Overgeneralizing the adolescent brain
A general challenge to the use of neuroscientific evidence in legal settings, Wagner says, is that most studies are at the group rather than the individual level. “The law cares about a particular individual in a particular situation right in front of them,” he says, and the science often cannot speak to that specificity.
Shen cites the challenge of making individualized inference from group-based data as one of the major ones facing use of neuroscience evidence in the court. “This issue has come up in the context of juvenile justice, where the adolescent brain development data confirms behavioral data that on average 17-year-olds are more impulsive than adults, but does not tell us whether a particular 17-year-old, namely the one on trial, was less able to control his/her actions on the day and in the manner in question,” he says.
Indeed, B.J. Casey of the Weill Medical College of Cornell University says that too often we overgeneralize the lack of self control among adolescents. Although adolescents do show poor self control as a group, some situations and individuals are more prone to this breakdown than others.
“It is not that teens can’t make decisions, they can and they can do so efficiently,” Casey says. “It is when they must make decisions in the heat of the moment – in presence of potential or perceived threats, among peers – that the court should consider diminished responsibility of teens while still holding them accountable for their behavior.” Research suggests that this diminished ability is due to the immature development of circuitry involved in processing of negative or positive cues in the environment in the subcortical limbic regions and then in regulating responses to those cues in the prefrontal cortex.
The body of research to date is at the group-level, however, and is not yet able to comment on the neurobiological maturity of an individual adolescent. To help provide more guidance on this issue in legal settings, Casey and colleagues are working alongside legal scholars on a developmental imaging study, funded by the MacArthur Foundation, that is examining behaviors relevant to juvenile criminal behavior, including impulsivity and peer influence.

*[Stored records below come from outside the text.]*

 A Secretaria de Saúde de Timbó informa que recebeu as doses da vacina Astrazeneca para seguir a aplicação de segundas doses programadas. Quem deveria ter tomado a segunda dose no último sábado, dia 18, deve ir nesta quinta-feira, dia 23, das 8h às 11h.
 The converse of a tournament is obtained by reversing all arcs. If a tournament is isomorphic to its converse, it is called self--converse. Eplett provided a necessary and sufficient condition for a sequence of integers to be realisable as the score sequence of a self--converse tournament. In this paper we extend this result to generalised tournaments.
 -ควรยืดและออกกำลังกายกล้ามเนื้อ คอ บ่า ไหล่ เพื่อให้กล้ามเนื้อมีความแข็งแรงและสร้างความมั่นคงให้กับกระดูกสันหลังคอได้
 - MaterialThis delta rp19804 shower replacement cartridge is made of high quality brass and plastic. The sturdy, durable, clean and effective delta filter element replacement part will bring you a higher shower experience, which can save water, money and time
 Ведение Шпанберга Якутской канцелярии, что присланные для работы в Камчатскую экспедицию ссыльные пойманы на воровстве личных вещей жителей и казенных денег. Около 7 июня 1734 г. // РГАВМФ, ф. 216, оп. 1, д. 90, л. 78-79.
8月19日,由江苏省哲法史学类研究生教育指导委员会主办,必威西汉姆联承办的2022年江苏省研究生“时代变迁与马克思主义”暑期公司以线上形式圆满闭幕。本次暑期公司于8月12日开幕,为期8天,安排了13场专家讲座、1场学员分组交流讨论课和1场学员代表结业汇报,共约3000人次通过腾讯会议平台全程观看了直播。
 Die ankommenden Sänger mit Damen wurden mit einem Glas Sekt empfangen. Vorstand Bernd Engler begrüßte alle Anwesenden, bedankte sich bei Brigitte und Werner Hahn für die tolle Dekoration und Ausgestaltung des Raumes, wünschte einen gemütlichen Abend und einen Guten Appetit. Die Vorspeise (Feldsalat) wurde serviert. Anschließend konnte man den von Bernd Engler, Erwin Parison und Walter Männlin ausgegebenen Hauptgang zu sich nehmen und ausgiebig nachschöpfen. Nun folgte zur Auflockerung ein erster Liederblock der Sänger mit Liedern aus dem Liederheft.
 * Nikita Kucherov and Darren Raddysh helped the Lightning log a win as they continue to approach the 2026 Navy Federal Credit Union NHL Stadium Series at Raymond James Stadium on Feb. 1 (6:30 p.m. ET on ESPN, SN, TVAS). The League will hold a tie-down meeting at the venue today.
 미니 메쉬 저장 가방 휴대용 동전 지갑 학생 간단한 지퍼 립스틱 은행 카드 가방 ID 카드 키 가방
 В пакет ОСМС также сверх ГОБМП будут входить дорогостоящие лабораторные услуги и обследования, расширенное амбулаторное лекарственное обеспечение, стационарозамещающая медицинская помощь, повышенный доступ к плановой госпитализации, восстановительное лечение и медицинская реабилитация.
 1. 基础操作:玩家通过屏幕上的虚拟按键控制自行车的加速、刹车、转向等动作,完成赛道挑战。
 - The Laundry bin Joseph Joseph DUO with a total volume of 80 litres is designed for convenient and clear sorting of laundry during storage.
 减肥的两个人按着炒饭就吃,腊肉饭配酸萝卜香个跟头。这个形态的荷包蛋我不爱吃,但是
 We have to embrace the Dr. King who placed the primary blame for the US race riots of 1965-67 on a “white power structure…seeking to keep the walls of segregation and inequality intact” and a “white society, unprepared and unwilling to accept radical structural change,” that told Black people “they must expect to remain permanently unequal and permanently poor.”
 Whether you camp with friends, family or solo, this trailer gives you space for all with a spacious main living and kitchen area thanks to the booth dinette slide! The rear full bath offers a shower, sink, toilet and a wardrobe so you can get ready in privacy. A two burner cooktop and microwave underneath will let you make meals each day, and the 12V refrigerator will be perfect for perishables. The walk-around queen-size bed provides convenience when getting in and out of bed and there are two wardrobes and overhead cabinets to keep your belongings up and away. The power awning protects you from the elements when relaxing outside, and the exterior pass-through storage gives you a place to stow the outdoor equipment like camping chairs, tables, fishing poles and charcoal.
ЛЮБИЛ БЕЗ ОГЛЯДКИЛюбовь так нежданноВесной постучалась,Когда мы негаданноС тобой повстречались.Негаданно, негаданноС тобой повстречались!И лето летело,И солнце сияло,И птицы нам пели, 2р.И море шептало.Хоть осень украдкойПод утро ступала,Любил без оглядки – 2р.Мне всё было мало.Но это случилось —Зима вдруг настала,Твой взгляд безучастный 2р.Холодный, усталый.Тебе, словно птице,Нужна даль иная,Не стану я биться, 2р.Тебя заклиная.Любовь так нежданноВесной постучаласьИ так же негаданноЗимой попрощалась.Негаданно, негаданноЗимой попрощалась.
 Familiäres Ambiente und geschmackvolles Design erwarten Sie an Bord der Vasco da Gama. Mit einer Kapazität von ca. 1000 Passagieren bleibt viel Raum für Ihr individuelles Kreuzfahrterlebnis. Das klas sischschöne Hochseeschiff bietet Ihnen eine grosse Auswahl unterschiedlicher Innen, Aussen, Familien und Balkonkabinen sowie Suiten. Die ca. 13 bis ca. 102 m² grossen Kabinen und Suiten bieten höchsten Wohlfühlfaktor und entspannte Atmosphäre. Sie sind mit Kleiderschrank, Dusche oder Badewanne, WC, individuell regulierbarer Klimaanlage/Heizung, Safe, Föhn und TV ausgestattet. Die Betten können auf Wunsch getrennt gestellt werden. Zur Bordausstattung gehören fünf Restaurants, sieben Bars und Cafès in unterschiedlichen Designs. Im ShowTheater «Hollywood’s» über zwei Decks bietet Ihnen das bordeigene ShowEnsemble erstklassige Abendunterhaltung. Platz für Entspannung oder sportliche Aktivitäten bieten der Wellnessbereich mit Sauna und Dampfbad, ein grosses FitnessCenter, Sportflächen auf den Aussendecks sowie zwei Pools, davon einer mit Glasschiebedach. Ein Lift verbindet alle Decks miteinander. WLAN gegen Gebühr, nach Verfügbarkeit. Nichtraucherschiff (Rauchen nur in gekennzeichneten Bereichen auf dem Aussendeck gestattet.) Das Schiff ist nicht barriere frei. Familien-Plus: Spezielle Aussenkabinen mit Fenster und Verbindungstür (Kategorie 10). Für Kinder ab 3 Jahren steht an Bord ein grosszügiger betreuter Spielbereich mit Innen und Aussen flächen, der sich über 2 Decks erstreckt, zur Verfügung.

Making real-world connections
The same type of work – to connect brain imaging to particular behaviors in the real-world – is ongoing in a number of other areas, including fMRI-based lie detection and linking negligence to specific mental states. “It’s a big leap to go from a laboratory setting, in which impulse control may be measured by one’s ability to not press a button in response to a stimulus, to the real-world, where the question is whether someone had requisite self-control not to tie up an innocent person and throw them off a bridge.” Shen says. “I don’t see neuroscience solving these big problems anytime soon, and so the question for law becomes: What do we do with this uncertainty? I think this is where we’re at right now, and where we’ll be for some time.”
“With a few notable exceptions such as death penalty cases, cases where a juvenile is facing a very stiff sentence, and litigating brain injury claims, ‘law and neuroscience’ is not familiar to most lawyers,” Shen says. “But this might change – and soon.” The ongoing work is vital, he says, for laying a foundation for a future that’s yet to come, and he hopes that more neuroscientists will increasingly collaborate with legal scholars.